*** Begin section ***

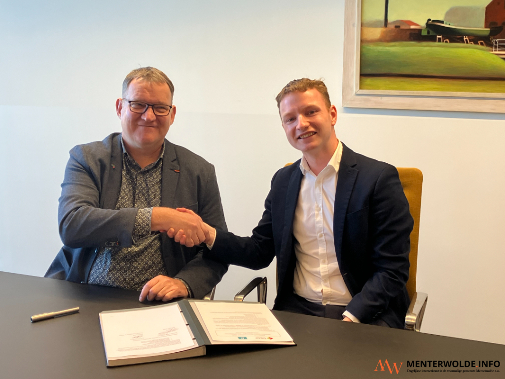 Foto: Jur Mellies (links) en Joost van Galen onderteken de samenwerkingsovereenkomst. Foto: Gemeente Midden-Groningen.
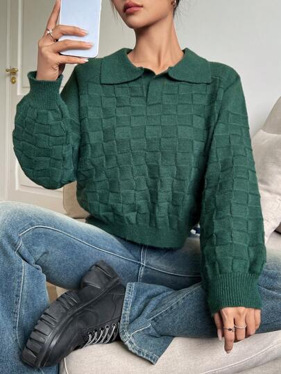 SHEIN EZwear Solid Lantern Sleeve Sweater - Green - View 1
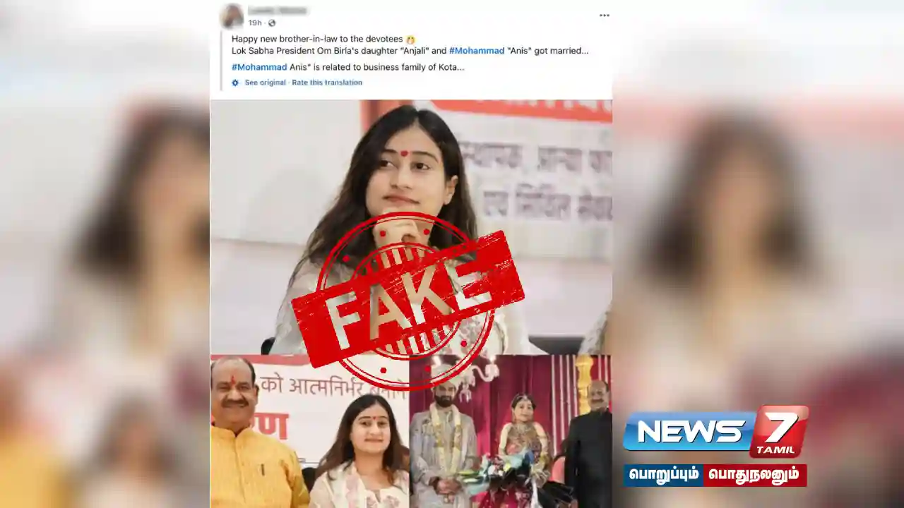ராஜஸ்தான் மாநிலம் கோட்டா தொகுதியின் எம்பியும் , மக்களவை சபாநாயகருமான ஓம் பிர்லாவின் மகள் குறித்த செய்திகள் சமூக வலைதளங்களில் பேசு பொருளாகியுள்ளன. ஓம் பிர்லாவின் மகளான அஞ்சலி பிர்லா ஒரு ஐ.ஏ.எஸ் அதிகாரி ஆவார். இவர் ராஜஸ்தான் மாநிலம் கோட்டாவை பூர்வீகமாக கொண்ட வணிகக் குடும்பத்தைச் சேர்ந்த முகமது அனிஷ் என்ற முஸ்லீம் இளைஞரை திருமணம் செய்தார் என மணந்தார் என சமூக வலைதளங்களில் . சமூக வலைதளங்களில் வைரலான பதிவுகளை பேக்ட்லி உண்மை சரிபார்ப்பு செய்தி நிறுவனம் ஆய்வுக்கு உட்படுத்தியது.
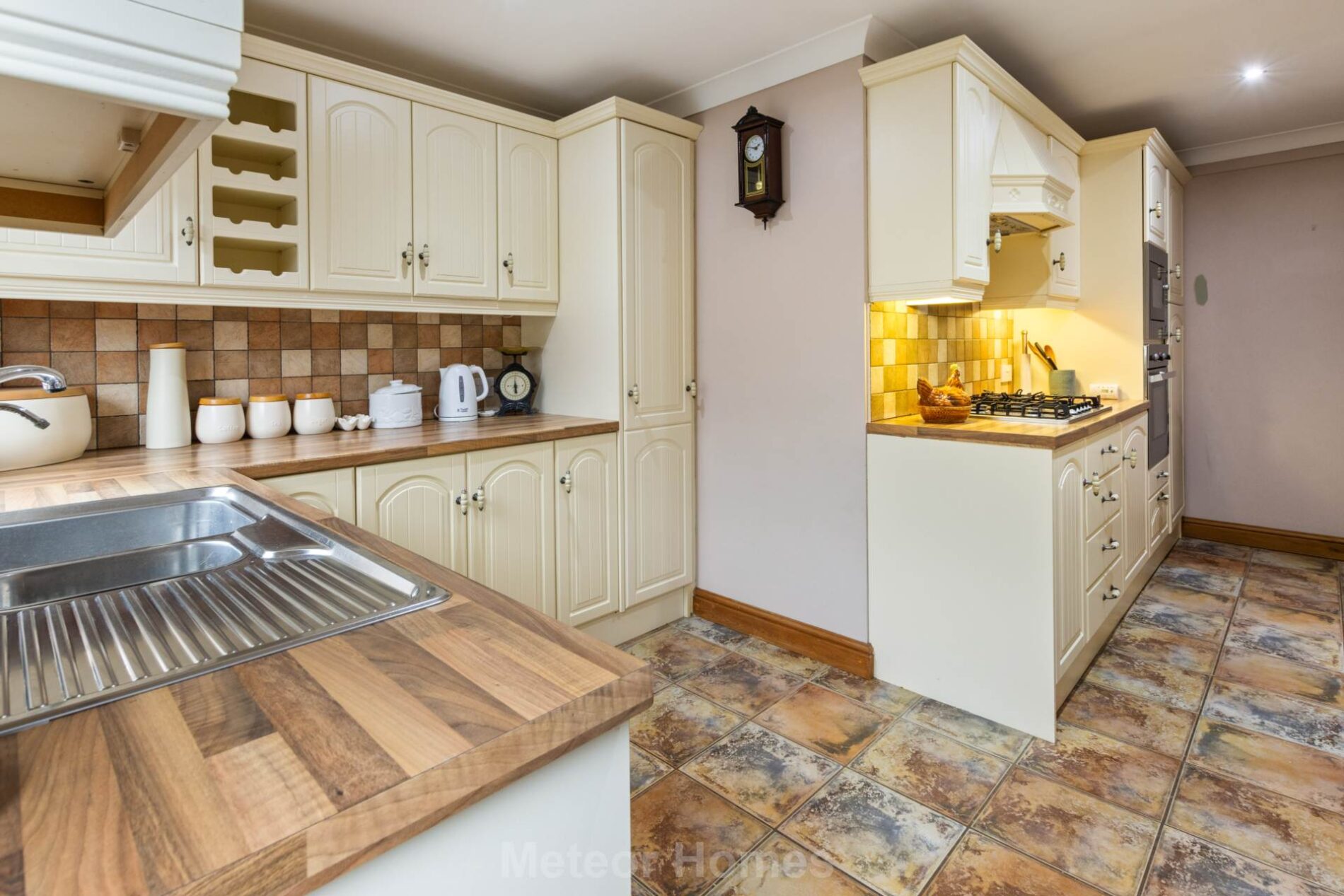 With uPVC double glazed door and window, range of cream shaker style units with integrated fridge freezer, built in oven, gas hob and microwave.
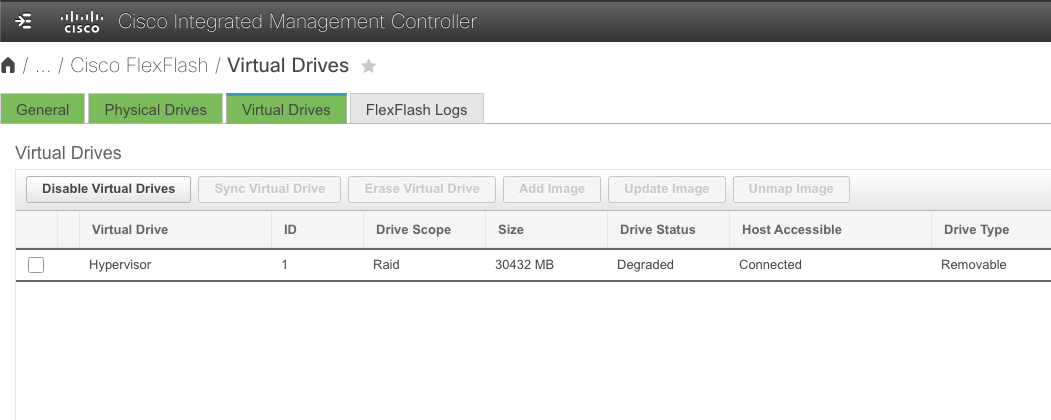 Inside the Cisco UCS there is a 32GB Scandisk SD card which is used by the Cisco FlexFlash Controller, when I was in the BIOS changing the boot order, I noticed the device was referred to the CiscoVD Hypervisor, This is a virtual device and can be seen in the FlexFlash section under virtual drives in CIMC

*** End section ***

▶ **WORK REQUIRED**
Nothing but an exact copy is needed, covering the lines from the line with "ராஜஸ்தான் மாநிலம் கோட்டா தொகுதியின்" through the last line of the entries, pictures excluded.

▶ **WRITTEN RESPONSE**
ராஜஸ்தான் மாநிலம் கோட்டா தொகுதியின் எம்பியும் , மக்களவை சபாநாயகருமான ஓம் பிர்லாவின் மகள் குறித்த செய்திகள் சமூக வலைதளங்களில் பேசு பொருளாகியுள்ளன. ஓம் பிர்லாவின் மகளான அஞ்சலி பிர்லா ஒரு ஐ.ஏ.எஸ் அதிகாரி ஆவார். இவர் ராஜஸ்தான் மாநிலம் கோட்டாவை பூர்வீகமாக கொண்ட வணிகக் குடும்பத்தைச் சேர்ந்த முகமது அனிஷ் என்ற முஸ்லீம் இளைஞரை திருமணம் செய்தார் என மணந்தார் என சமூக வலைதளங்களில் . சமூக வலைதளங்களில் வைரலான பதிவுகளை பேக்ட்லி உண்மை சரிபார்ப்பு செய்தி நிறுவனம் ஆய்வுக்கு உட்படுத்தியது.
 With uPVC double glazed door and window, range of cream shaker style units with integrated fridge freezer, built in oven, gas hob and microwave.
 Inside the Cisco UCS there is a 32GB Scandisk SD card which is used by the Cisco FlexFlash Controller, when I was in the BIOS changing the boot order, I noticed the device was referred to the CiscoVD Hypervisor, This is a virtual device and can be seen in the FlexFlash section under virtual drives in CIMC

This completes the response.